В палате наступила тишина, даже не слышалось сту­ка костяшек домино. Я видел, что раненые наблюдают за нами. Дело в том, что судьба комиссара всех интере­совала. Ходили слухи, что он — кандидат философских наук, до войны преподавал в пединституте и будто бы здесь, в госпитале, готовил докторскую диссерта­цию. Не знаю, так ли это, но он у всех вызывал любо­пытство.
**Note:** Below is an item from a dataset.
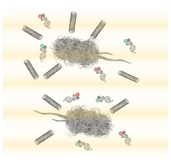 Diagnostic and identification methods that do not rely on the extraction of intracellular components have also been researched. Nanotube assisted microwave electroporation (NAME) is a method that utilises electroporation; NAME however aims for visual identification rather than DNA extraction [70]. This technique can be applied to not only extract the contents of a bacterial cell but to act as a transport system to deliver molecules such as biosensors into the cells (Figure 6). In this method, carbon nanotubes are used as an antenna for coupling microwave energy; this localizes the electromagnetic field that induces bacterial electroporation in the cellular wall to the areas around the nanotube. This enhanced electroporation to specific areas (caused by the nanotubes) allows for the delivery of intracellular probes that consist of double stranded nucleic acid-targeting specific bacterial 16S rRNA and fluorophores, enabling the identification of Escherichia coli, Klebsiella pneumoniae and Pseudomonas aeruginosa for example at the single-cell level. An individualized probe was designed for each bacterial species. Bacterial samples of E. coli, K. pneumoniae and P. aeruginosa, after appropriate washing steps and the addition of the nanotube solution, were exposed to a 2.45 GHz microwave for 10 s, enabling electroporation and probe delivery. Once the probe was delivered into the bacterial cell via NAME the samples were mounted onto glass slides for observation under a fluorescent microscope; fluorescent cells were accurately identified. This delivery and identification method can be used directly on samples, and the whole process from the initial sample to microscopic identification can take as little as 30 min. NAME can identify pathogens such as those mentioned previously at a single cell level enabling accurate quantification via cell counts of fluorescent cells under the microscope, however further instrument development is required before this method can be clinically evaluated [71,72].

Так вот, все сидели и наблюдали за нами, а он говорил:

— У нас, видите ли, возникла такая проблема: де­вушку, которая ведет лечебную гимнастику в батальоне выздоравливающих, вызывают на длительные курсы. Мы можем ее не отпустить, но это значит задерживать ее рост — сейчас она сержант, а после курсов будет млад­шим лейтенантом. С точки зрения госпиталя мы выигры­ваем, а если смотреть глубже — это польза для государ­ства Вот мы и решили посоветоваться с вами: не станете ли на ее место? Вы, как нам известно, спортсмен. А то, что имеете офицерское звание... Я думаю, вы окажетесь выше самолюбия. Взявшись за это дело, вы будете при­носить ощутимую пользу, которой — не по вашей вине— сейчас не приносите. Вы согласны со мной? Я имею в виду последнее.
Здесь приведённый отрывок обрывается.